U N F A I R ......10 points
"You use to have to comute across town ma."
" I know. But then I pulled up to the underground parking garage at the apartment and my electronic key wouldnt work. Found out the electricity was out."
"So just park outside and forget about it" Q U E E N .........36 points
"Yeah, sure, but then I couldn't use the elevators."
C U R S E.........12 points
"OH...sucks to live on the seventh floor." P I T Y.........18 points
"You get the picture now. Huffed my way to the top of the stairs. Then I kept wandering in and out of rooms flipping switches like they were gonna work." I D I O T ........8 points
"How long were the lights off?" H O L E ........10 points
"About three hours. I lit some candles and took a quick shower so my hair would dry before I went to bed, since I couldn't use my blowdrier. Then I sat in the living room starving to death cause I couldn't even heat up the frozen soup I was gonna have."

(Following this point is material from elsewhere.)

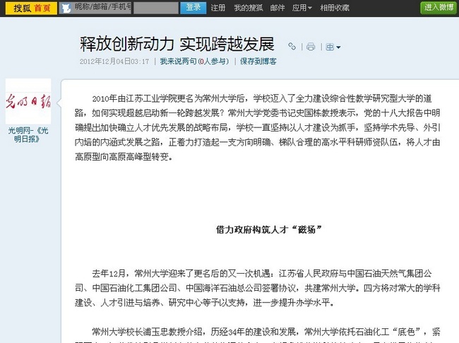 去年12月,常州大学迎来了更名后的又一次机遇:江苏省人民政府与中国石油天然气集团公司、中国石油化工集团公司、中国海洋石油总公司签署协议,共建常州大学。四方将对常大的学科建设、人才引进与培养、研究中心等予以支持,进一步提升办学水平。

"So why didnt you go out and get a pizza?"
"Thats what Rudy said. No way was I gonna go up and down seven flights of stairs again. Even for pizza. I'd rather starve."
L A Z Y......28 points
"Don't suppose they'd deliver on the seventh floor either?"
"Probably not. I finally called Rudy and whined about sitting in the dark with nothing to eat."
"Bet he loved that." C R A Z Y .........17 points
"Yeah well he just laughed and reminded me that I had a gas stove."
"Oh my god mom! You're kidding. You forgot you had gas instead of electric?"
"Yeah. He found that quite amusing too. He said, "Put the soup in a pan and put it on the gas flame just like they did in the old days." Then he added, "Don't forget to plug it in Hon!"
A S S H O L E.........10 points
"You can't use that! Besides, it's a horrible waste of your esses"
C H E A T.......12 points
"Why not? Just hooking on to your hole. Give me a break here. And you let me worry about wasting my tiles."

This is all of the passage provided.